2. Tough explains that because New York law requires charter schools to admit children by lottery, Canada structured the lottery so that winning families can take advantage of the Three-Year-Old Journey and the Harlem Gems preschool several years before their children would start kindergarten. (The HCZ’s other child and family services, including Baby College and afterschool care, are broadly available to HCZ residents and do not depend on lottery admission.)

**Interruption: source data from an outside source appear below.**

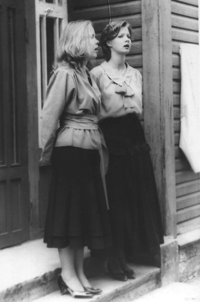 Mälestustahvli avamisel laulavad Enely Raave ja Sille Hurt. Väike-Maarja muuseumi kogu.
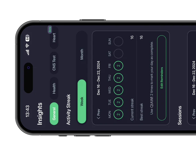 Designed to complement your QIAWI device, the app offers a range of powerful features to enhance your wellness journey. Whether on the free or premium plan, you'll find tools tailored toreduce stress, improve sleep, and gain valuable insightsinto your health.
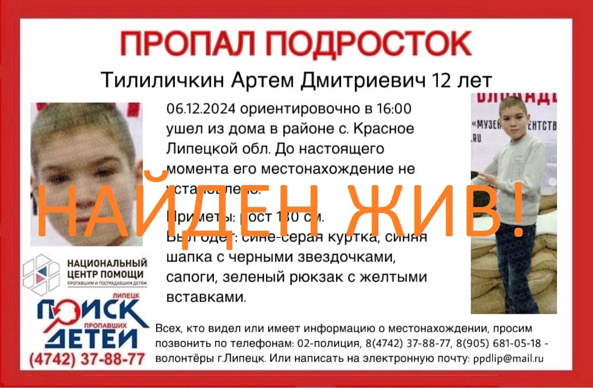 Пропавшего 12-летнего Артема Тилиличкина нашли живым в субботу, 7 декабря, сообщили в ЛООО «Поиск пропавших детей». Ребенок ушел из дома в селе Красное в минувшую пятницу, 6 декабря. С 16:00 о его местонахождении не было ничего известно. Поиски заняли меньше суток. К поиску подключились водители, проезжавшие в направлении Красное — Липецк, которых просили предоставить записи с видеорегистраторов. Также волонтеры проверяли территории посёлков Сухая Лубна, Сахарного завода, Тёплое, Куймань, Новая деревня, Яблоново, Косырёвка, Копцевы Хутора, Кузминские Отвержки. Напоминаем, продолжаются поиски 17-летней Анастасии Терехиной, которая пропала в Грязях 19 ноября.
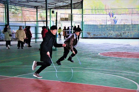 党总支副书记冉明出席活动并发表讲话,并希望同学们在保证安全情况下团结协作,赛出风格、赛出水平。随后裁判讲解比赛为积分制,个人所得名次积分统计在班级总积分中,并组织各班派代表抽签分组,比赛正式开始。跳绳比赛形式为班级赛,计时两分钟。共16个班级分为三组进行。只见同学们身手敏捷,一根根飞舞的绳子,一队队腾空跳跃的身影让人眼花缭乱。随着一声哨响,滚铁环比赛也已经开始,有的同学从容不迫,控制着铁环;有的同学虽有些踉跄,但也不甘示弱,大家各显身手,欢声雷动。镜头转到踢毽子比赛,五彩的毽球在空中飘逸的飞舞,尽管大家的水平参差不齐,但每一位参赛的同学都使出浑身解数,赢得了观众一次又一次的欢呼。
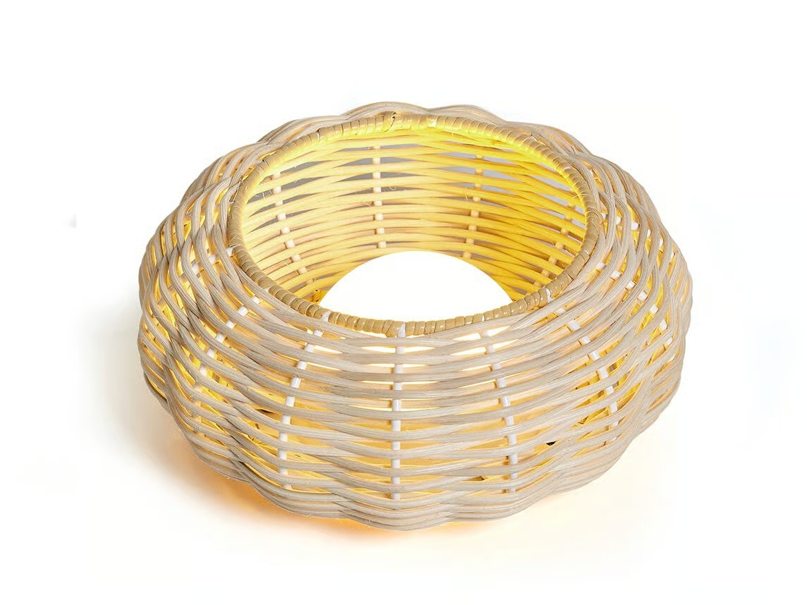 NIUET — это попытка воссоздать сложные конструкции птичьих гнёзд, которые являются прямыми потомками тех, что появились миллионы лет назад. Эта коллекция, изготовленная из лозы мастерами-ремесленниками из Жироны, соответствует всем требованиям к качеству. Яркий свет, исходящий из центра, — это метафора непрерывного жизненного цикла, который необходимо сохранять.

3. Of course, Enron-like collapses and the more recent bank failures remind us that executives sometimes hide information likely to depress their stock prices. This danger is relevant in education as well. Research on both teaching to the test (Koretz, 2003; Koretz & Barron, 1998) and outright cheating (Jacob & Levitt, 2003) suggests that even in education, higher stakes create incentives to game the system.
4. Canada described possible benefits of a high-stakes pay-for-performance approach during a panel discussion organized by the Center for American Progress (2008).
5. These costs exclude HCZ overhead and other programs, which are distinct line items.